Consider a linear map $M: \mathbb{R}^n \to \mathbb{R}^n$ that preserves the lattice, that is, $M\Gamma \subset \Gamma$ and all of its eigenvalues have $|\lambda| > 1$. If $\eta_1,...,\eta_m$ are the representatives of the cosets of the quotient group ${(M^*)}^{-1}\Gamma^* / \Gamma^*$, show that, for $\gamma \not\in M\Gamma$,
\begin{equation} \sum_{q=1}^m e^{2\pi i \langle\gamma,\eta_q\rangle} = 0 \end{equation}
First, I have proven that
- $|\det M| = m \in \mathbb{Z}_{>0}$, so $M$ is invertible (as is $M^*$);
- both quotient groups $\Gamma/M\Gamma$ and ${(M^*)}^{-1}\Gamma^* / \Gamma^*$ have order $m$;
so everything in the question is well-defined.
My hunch is that those exponentials are actually $m$-th roots of unity (or maybe some prime factor of $m$), for which I found strong evidence:
- $\langle \gamma, M^* \eta_q\rangle = n_q \in \mathbb{Z}$ for all $q = 1,...,m$. This comes from $\eta_q \in (M^*)^{-1}\Gamma^*$, so $M^* \eta_q \in \Gamma^*$.

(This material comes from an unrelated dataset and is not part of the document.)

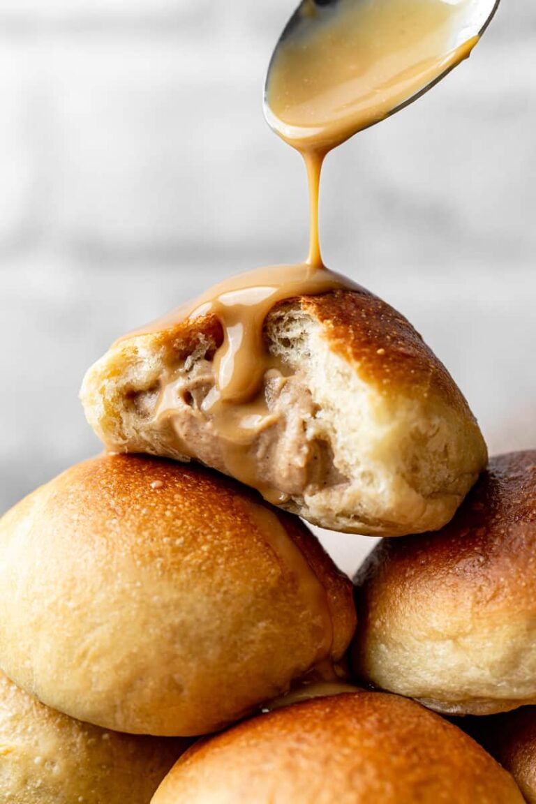 To make caramel sauce, simply add all the ingredients in a small bowl and stir with a spoon until smooth and creamy. That’s it! Drizzle the caramel sauce on the filled doughnuts before to enjoy.

- Even more, we can take $\eta_q$ such that $n_q \in \mathbb{Z}/m\mathbb{Z}$, since it's in an equivalence class.
- If the hunch is true, then the sum is equivalent to $\langle \gamma,\eta_q \rangle = \frac{n_q}{m}$, which is similar to the previous point.
This may be obvious for those that work with lattices, but I've been working with them for only about 2 weeks, in the context of multidimensional wavelets. It doesn't help that my algebra is quite rusty. Sorry if a similar question was asked, but I didn't find it.